Time to sell Big Red
Tue, 05/02/2006
The news has not been good.
"Gas prices are expected to spiral this summer...Expect to pay more at the pump when the travel season begins...AAA reports rising demand for oil..."
The time had come and I knew that this time it would not be so easy. It was time to sell my truck, Big Red.
And to make things even worse, Big Red is actually (gulp) Mrs. A's truck.
Because we already had a car loan in my name, her name went on the ticket for the new wallet-bruiser.
So the hardest part of selling the overly powerful, testosterone-bolstering, ego-massaging extension of my personality is in convincing her that it was no longer a viable member of the family.

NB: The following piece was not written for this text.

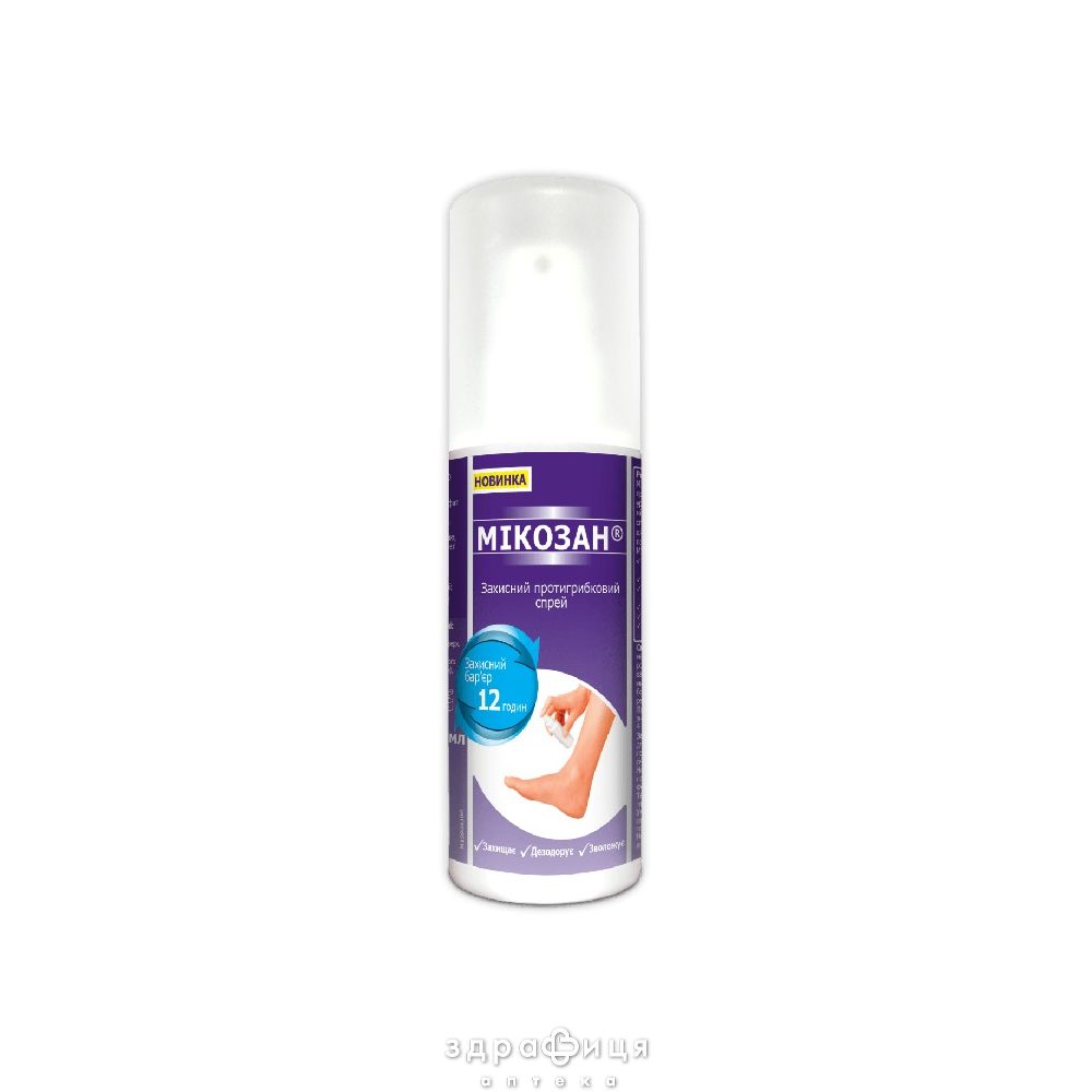 Мікозан захисний протигрибковий спрей призначений для попередження грибкового ураження шкіри ніг протягом 12 год в місцях підвищеного ризику (басейни, сауни, спортзали, роздягальні), для осіб з цукровим діабетом, для попередження повторного грибкового ураження шкіри ніг.
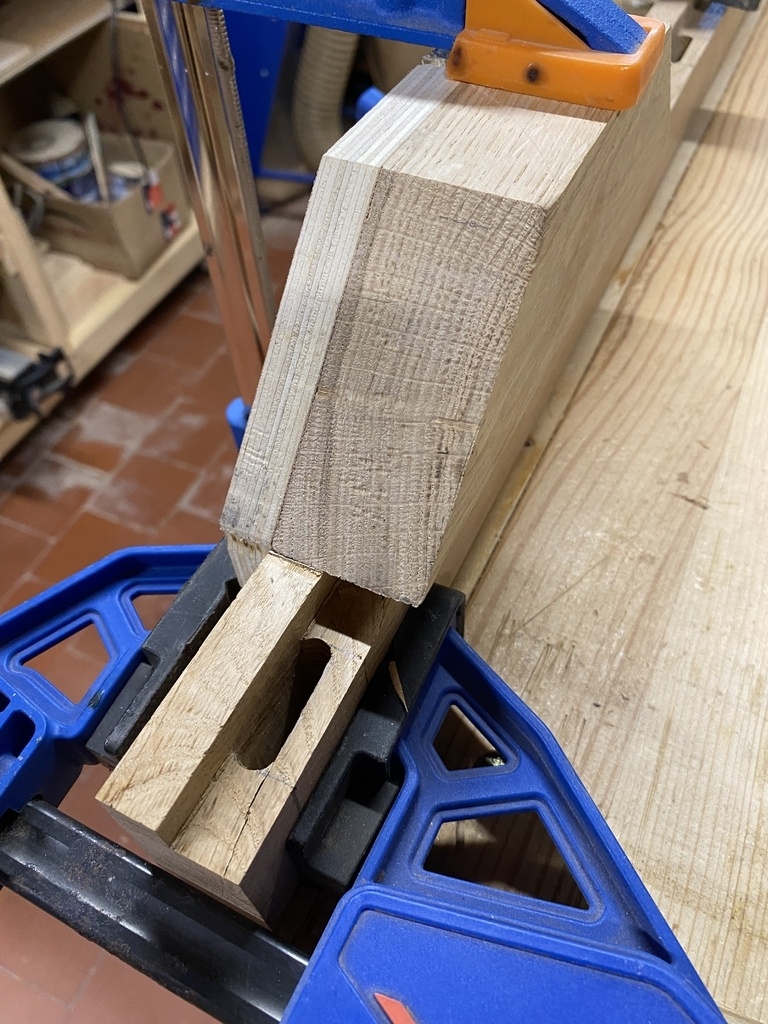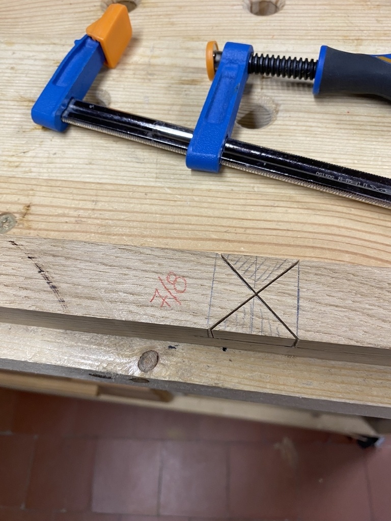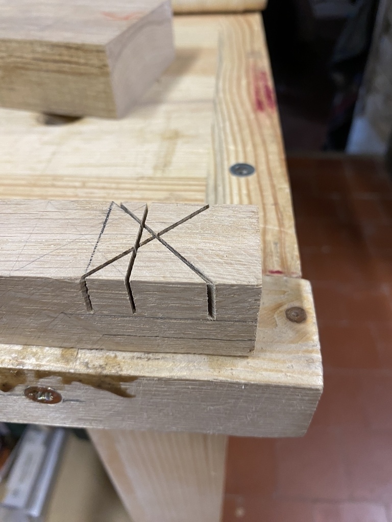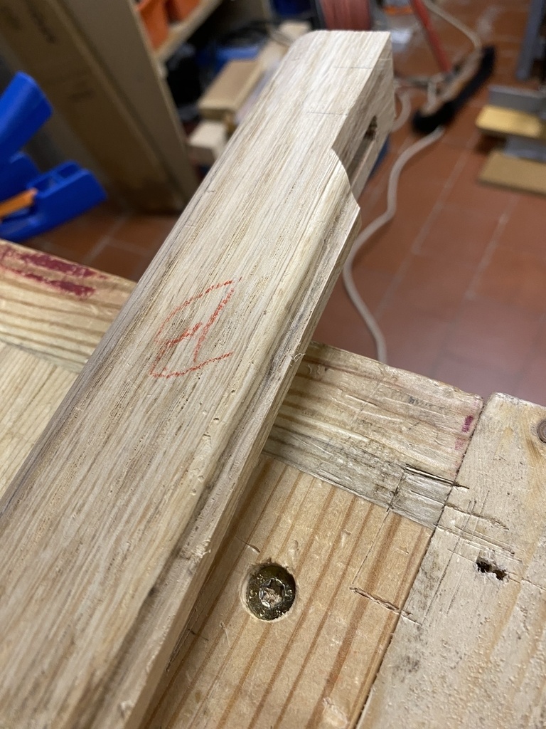 Finalement la traverse mouton ne me plait pas et je vais en faire une ; toujours au rabot .

You see, Mrs. Anthony likes the power of intimidation just like anyone else. And back in 1999, when she test drove it off the lot, her beautiful green eyes widened noticeably as she bore down on the drivers in front of us. Big Red, as a full-size four wheel drive pickup with oversize tires, huge chrome brush guard, standing tough in fire-engine red, dominates the landscape wherever it goes and other motorists, upon seeing the behemoth bearing down on them, tend to scatter.
"We'll take it," she said.
There is a price to pay for all that glowing, ripe tomato-colored sheet metal and noisy rubber. Back in 1999, with me ensconced in the pseudo-cushiony swells of that dot-com mania, Mrs. A and I shopped trucks together.
My job in downtown Seattle, slinging humorous code at the web for way too much money, made it easy to feel cavalier about major expenditures and on the weekends we would idle past new car lots, pretending to be oblivious to the horrific depreciation all new car buyers suffer.
And one day, there he was, wedged impossibly into a space between fifty other enormous, shiny, unapologetic fossil fuel eaters.
The price of petrol was hovering around a buck and a quarter, so because this was nothing to a couple who had big wads of (soon to be worthless) stock options, we drove Big Red home.
Somehow, after putting everything in the garage into the basement, and with a little grease on the mirrors, we squeezed him in like a seven-and-a-half-foot pimento in an eight-foot-wide olive.
Since I had my old van to tool around in, Mrs. A had the pleasure of regaling me daily with stories of other, hapless motorists who, when she was still in her small, fuel-efficient Camaro, would tailgate and generally annoy her each day, but now whose mirrors and windows would be filled with her enormous chrome grill or rear bumper with the 'If you don't like my driving, stay off the sidewalk' sticker on it.
Paybacks, you know what they say.
But eventually that terrible equalizer, Time, and the vagaries of oil futures in an oil-based economy had splashed our faces with the cold water of reason. Big Red had to go.
I placed the ad online and oddly, the phone went nuts. Mostly kids who loved the really good photos I took, Big Red glistening, Big Red posing, Big Red menacing.
But in the end, it was a local longshoreman with a weird name who actually brought the cashiers check. 'Gov' looked Big Red over and after a short drive, and just like Mrs. Anthony before him, said, 'I'll take it.'
Seems that big longshoreman and diminutive blonde budget analysts are not all that much different when it comes to big shiny things with lots of horsepower.
Now that Big Red is gone, the part I will miss the most is how, when we would go out for a movie, or to dinner, she would sidle up next to me on the bench seat like a teenager, her hair up in a ponytail, her subtle gardenia perfume filling the cab.
It was the zenith of an urban cowboy-wannabe's existence, the fulfillment of an adolescent dream for me, and when she took the wheel, she had the luxury of indulging a bumper car mentality, where, if only for the 30 minutes to took to get to work, she was large and in charge.